And I’ve made a list. I’ve tried to mix things up. There are the classics, but there are also some surprises.

Don’t like Westerns you say? Sure you do. Star Wars was nothing but a big Western set in space. And Indiana Jones was a cowboy in a fedora. Even George Lucas admits it.

If you think you’ll be spending any time gazing at the landscapes of the American West. Or looking through a book of Edward Curtis photographs. You’ll want this soundtrack.

Im living in a place like this, so any wonder Im listening to Cowboy songs?

I'm living in a place like this, so any wonder I'm listening to Cowboy songs?
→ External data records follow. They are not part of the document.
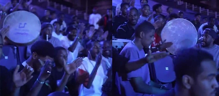 Бен Уитейкер и Лиам Кэмерон в конце пятого раунда сцепились в клинче и перевалились за канаты.
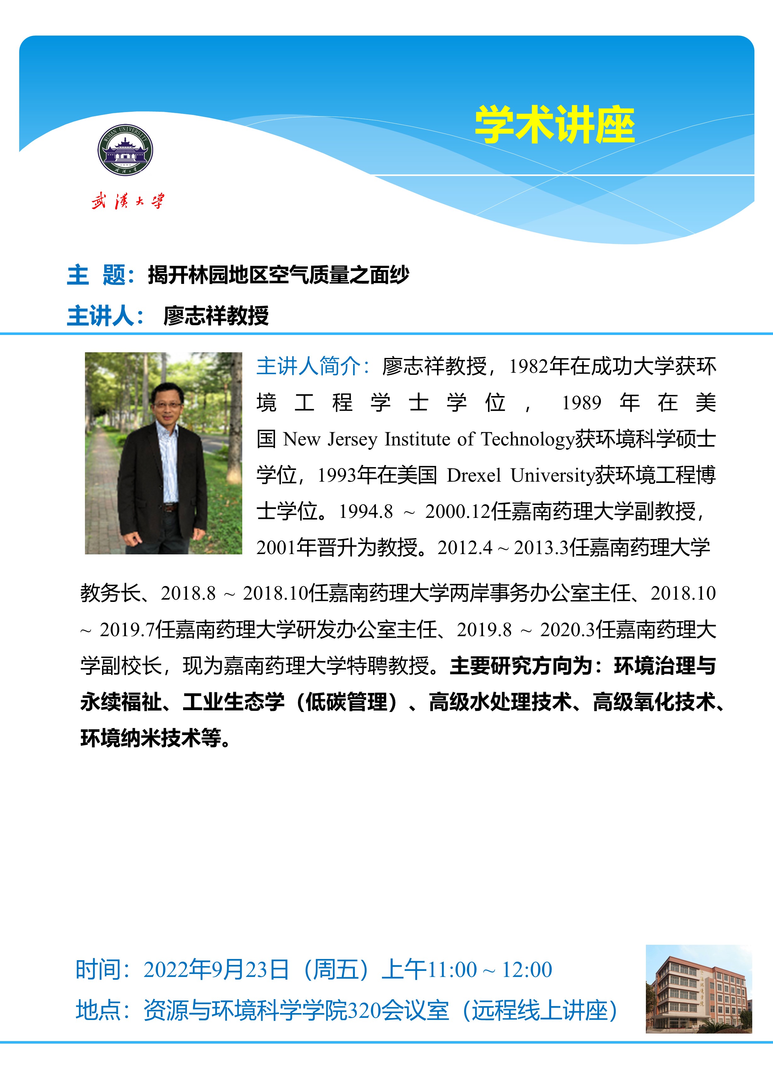 9月23日 珞珈资源环境讲坛第64讲 揭开林园地区空气质量之面纱
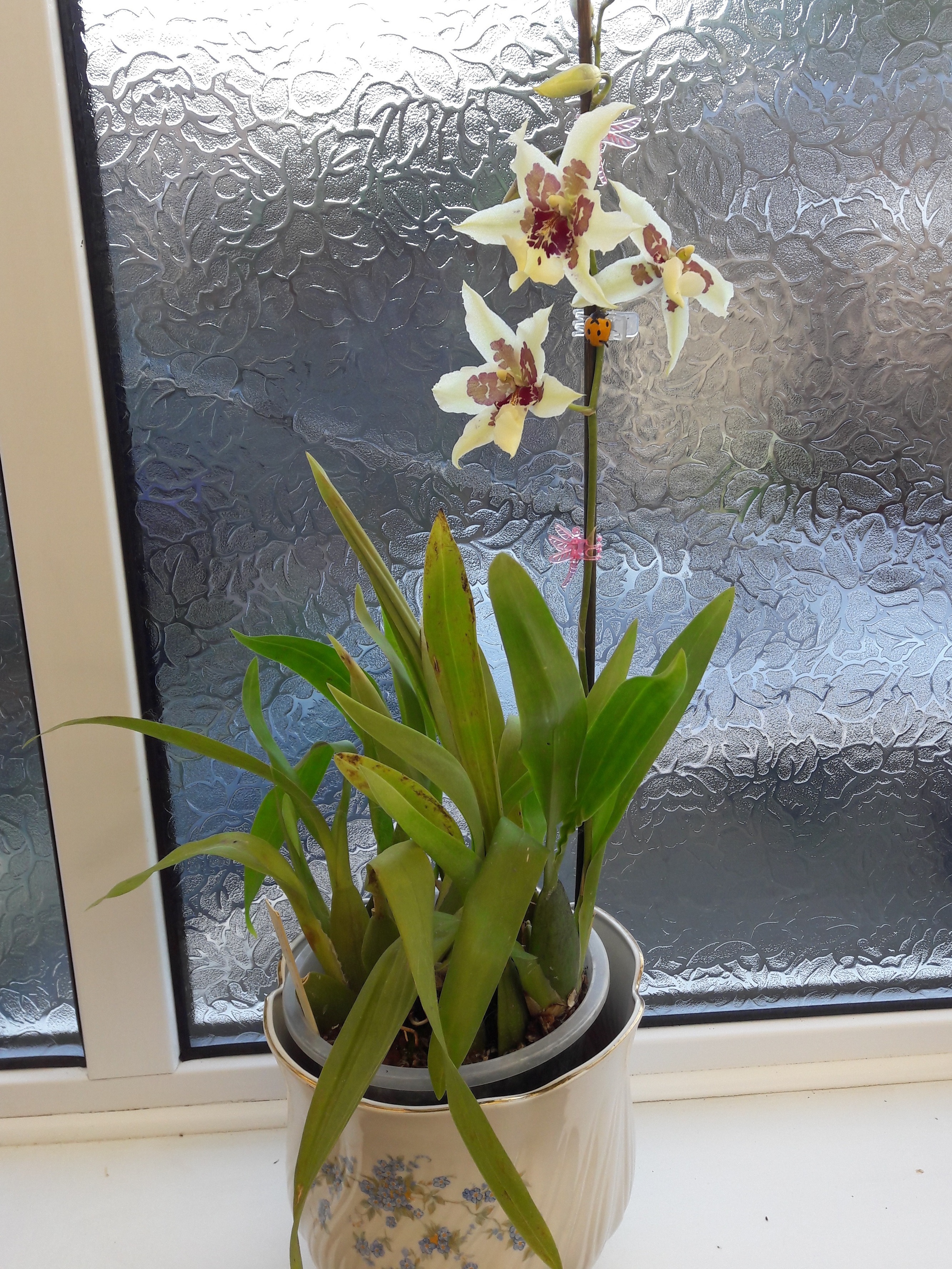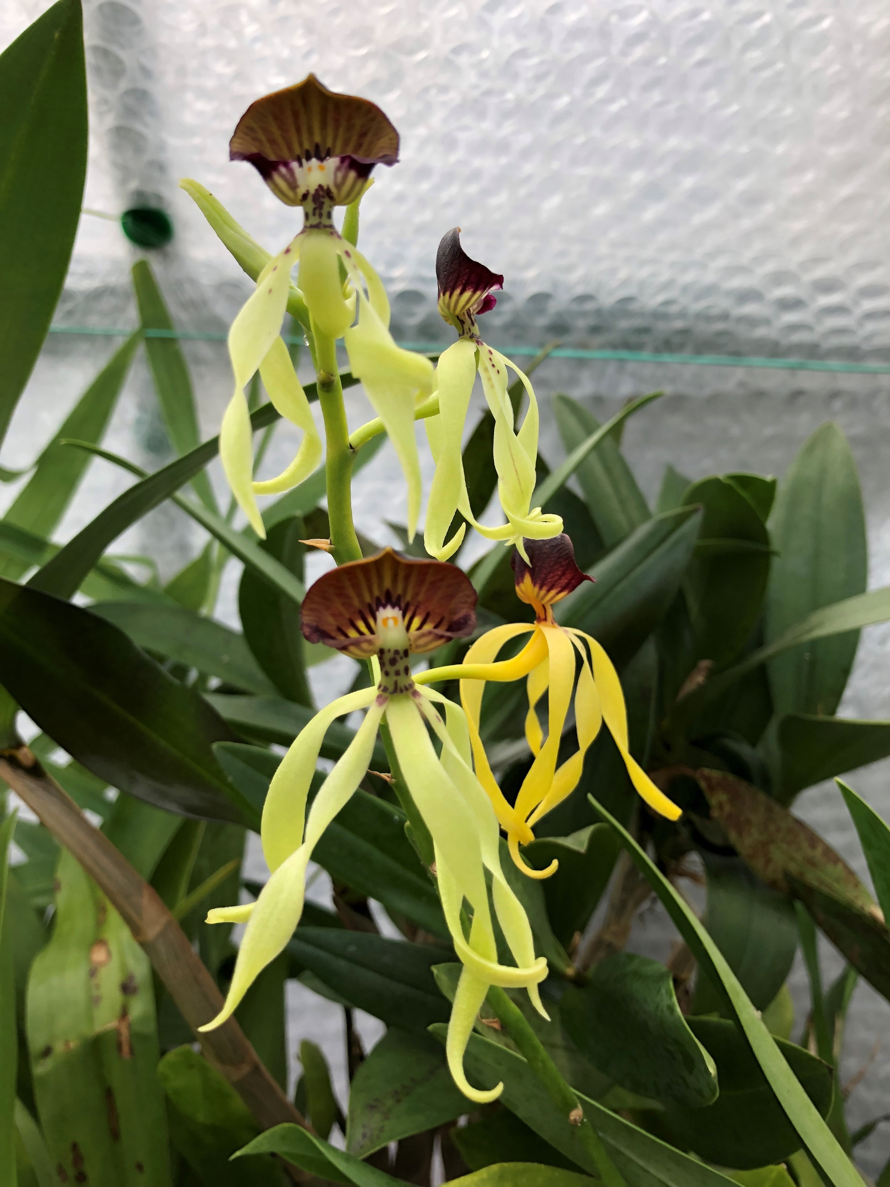 A different Brascidostele (or Bankfieldara) Gilded Tower 'Mystic Maze' and an Epidendrum radicans grown by another member:
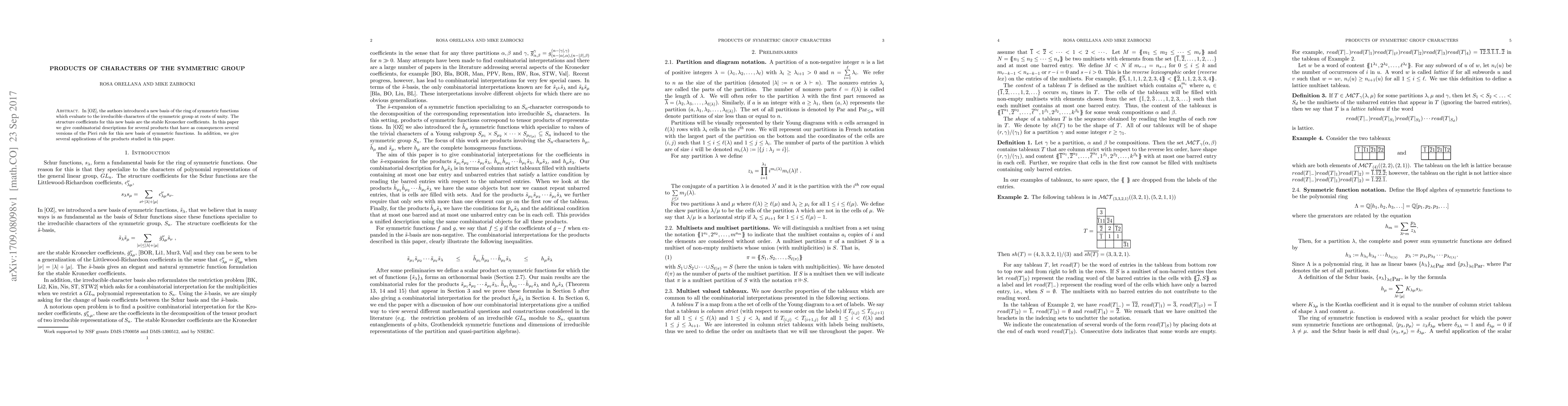 In a recent paper, the authors introduced a new basis of the ring of symmetric functions which evaluate to the irreducible characters of the symmetric group at roots of unity. The structure coefficients for this new basis are the stable Kronecker coefficients. In this paper we give combinatorial descriptions for several products that have as consequences several versions of the Pieri rule for this new basis of symmetric functions. In addition, we give several applications of the products studied in this paper.
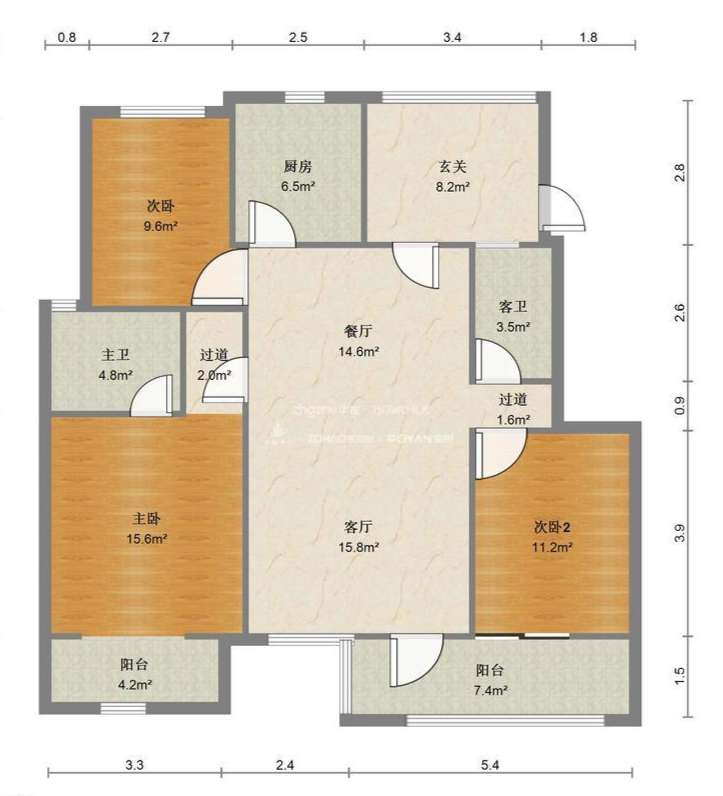 厅室3室2厅2卫0阳台
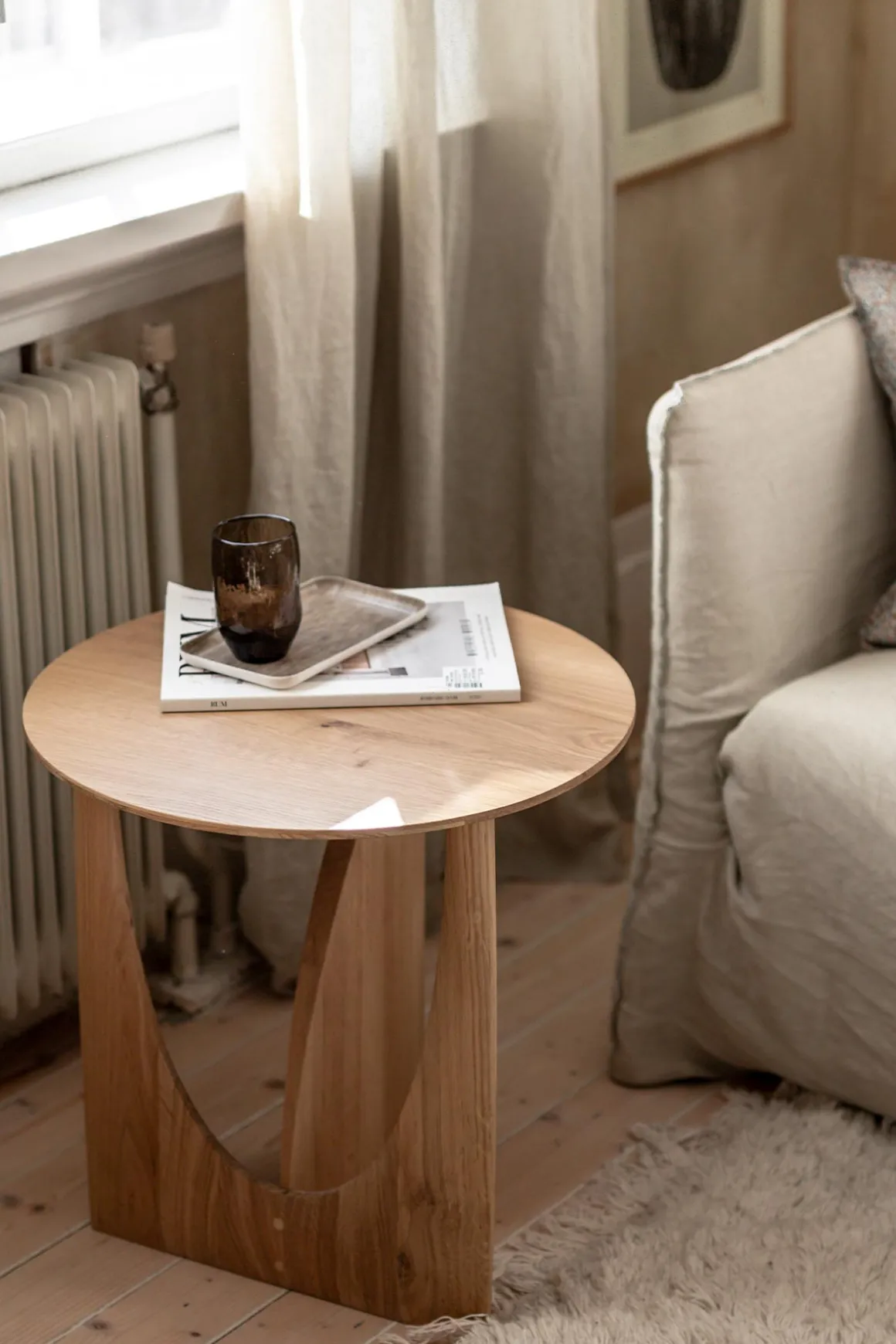 Geometric Side table, designet av Alain Van Havre for belgiske Ethnicraft. Et unikt, skulpturelt sidebord som endrer utseende og uttrykk alt ettersom hvilken vinkel man ser bordet fra. Bruk bordet i stua, som nattbord eller som avlastningsbord i gangen. Utført i varig og stilren, lakkert eik.

So from one whose brain is now thoroughly saturated with Whoopie Ti Yi Yays and Yippee Ki Yays, let me offer this humble list:

The Top Ten Cowboy Songs of All Time

1. Whoopie Ti Yi Yo (Git Along Little Dogies). This sort of has to top the list, although the list is in no particular order. Many cowboy stars have recorded this, but I’m partial to Charlie Daniels’ version. He’s got just the right sort of rough Texan voice and, of course, that great fiddle to really put the song across. Note to non-Americans, the chorus is “Git along little DOGIES” (pronounced DOH-gees) not “Doggies”. A dogie is a young male calf. Contrary to what one of my English friends thought, cowboys did not wrangle herds of dogs along with their cattle.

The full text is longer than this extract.